## Exercise description
Output the exact lines that start at the one containing "Plus de 2000 ans" and continue to the last line of the entries below; do not output pictures.

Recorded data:
----

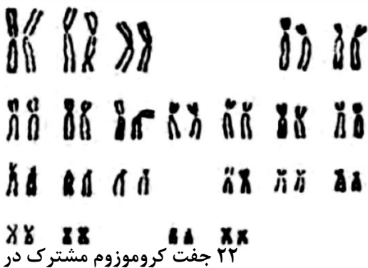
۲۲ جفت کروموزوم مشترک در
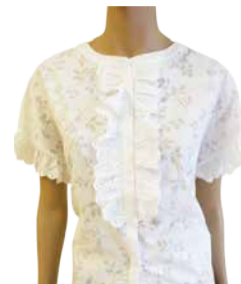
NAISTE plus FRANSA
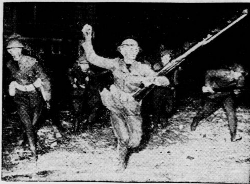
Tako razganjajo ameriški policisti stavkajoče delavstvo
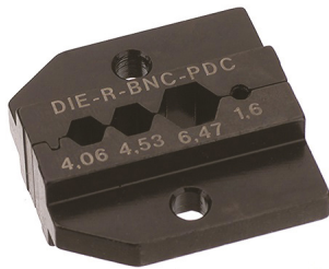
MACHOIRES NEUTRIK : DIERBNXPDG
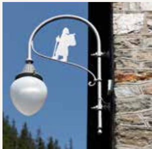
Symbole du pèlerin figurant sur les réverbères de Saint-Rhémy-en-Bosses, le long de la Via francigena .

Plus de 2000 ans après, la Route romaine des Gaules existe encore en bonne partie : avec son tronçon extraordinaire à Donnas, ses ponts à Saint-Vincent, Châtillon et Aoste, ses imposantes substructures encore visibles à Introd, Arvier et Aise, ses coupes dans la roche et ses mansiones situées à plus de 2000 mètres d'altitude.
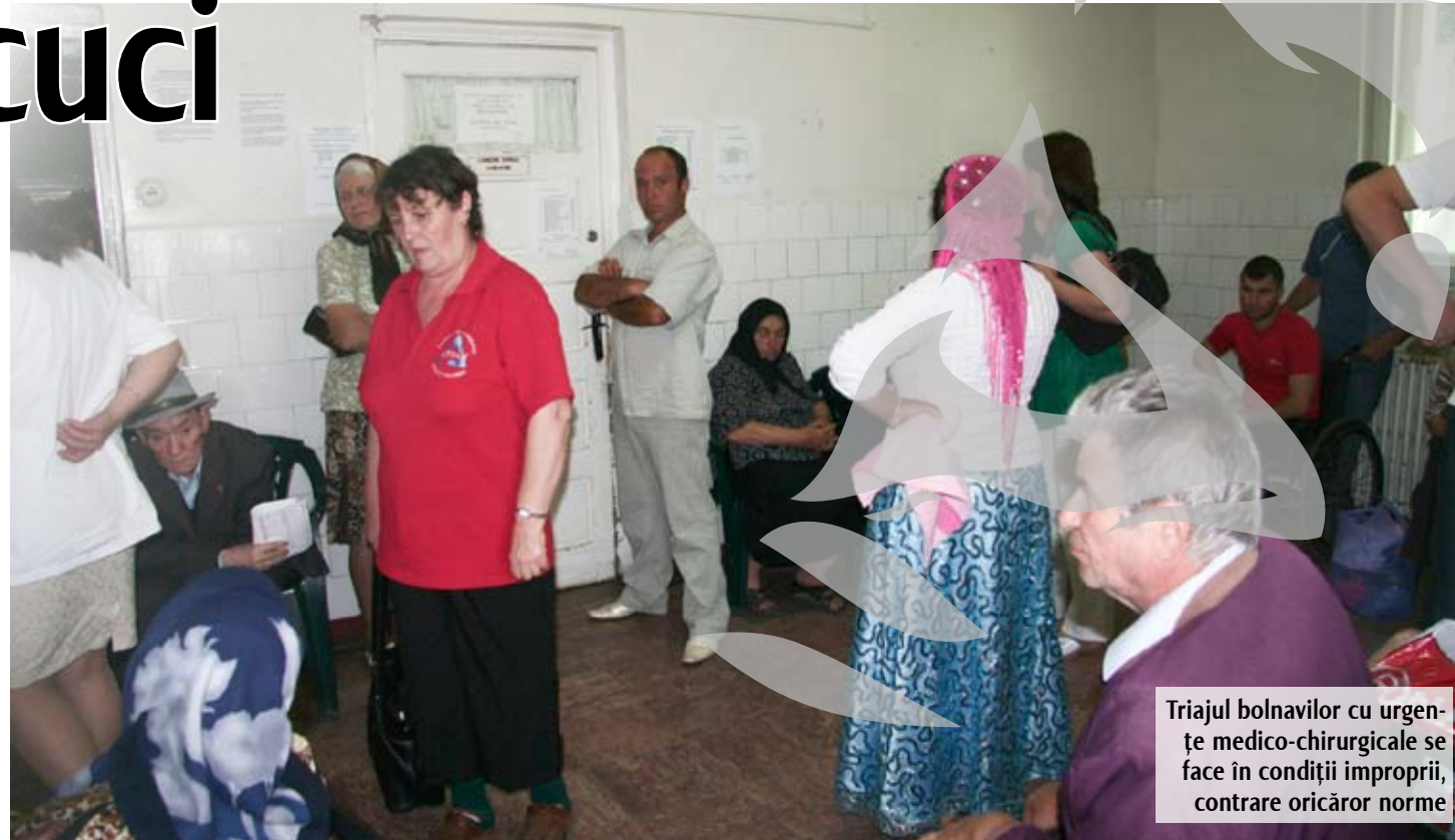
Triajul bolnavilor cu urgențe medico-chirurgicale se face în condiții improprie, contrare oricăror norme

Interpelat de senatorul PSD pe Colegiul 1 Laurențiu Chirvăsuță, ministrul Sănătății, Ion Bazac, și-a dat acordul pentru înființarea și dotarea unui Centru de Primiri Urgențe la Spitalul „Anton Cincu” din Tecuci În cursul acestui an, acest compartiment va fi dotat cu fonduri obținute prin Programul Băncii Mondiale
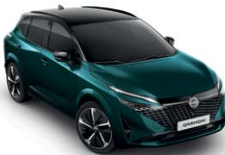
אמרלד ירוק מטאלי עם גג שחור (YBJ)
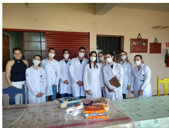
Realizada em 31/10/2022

----

## Finished exercise
Plus de 2000 ans après, la Route romaine des Gaules existe encore en bonne partie : avec son tronçon extraordinaire à Donnas, ses ponts à Saint-Vincent, Châtillon et Aoste, ses imposantes substructures encore visibles à Introd, Arvier et Aise, ses coupes dans la roche et ses mansiones situées à plus de 2000 mètres d'altitude.
Triajul bolnavilor cu urgențe medico-chirurgicale se face în condiții improprie, contrare oricăror norme

Interpelat de senatorul PSD pe Colegiul 1 Laurențiu Chirvăsuță, ministrul Sănătății, Ion Bazac, și-a dat acordul pentru înființarea și dotarea unui Centru de Primiri Urgențe la Spitalul „Anton Cincu” din Tecuci În cursul acestui an, acest compartiment va fi dotat cu fonduri obținute prin Programul Băncii Mondiale
אמרלד ירוק מטאלי עם גג שחור (YBJ)
Realizada em 31/10/2022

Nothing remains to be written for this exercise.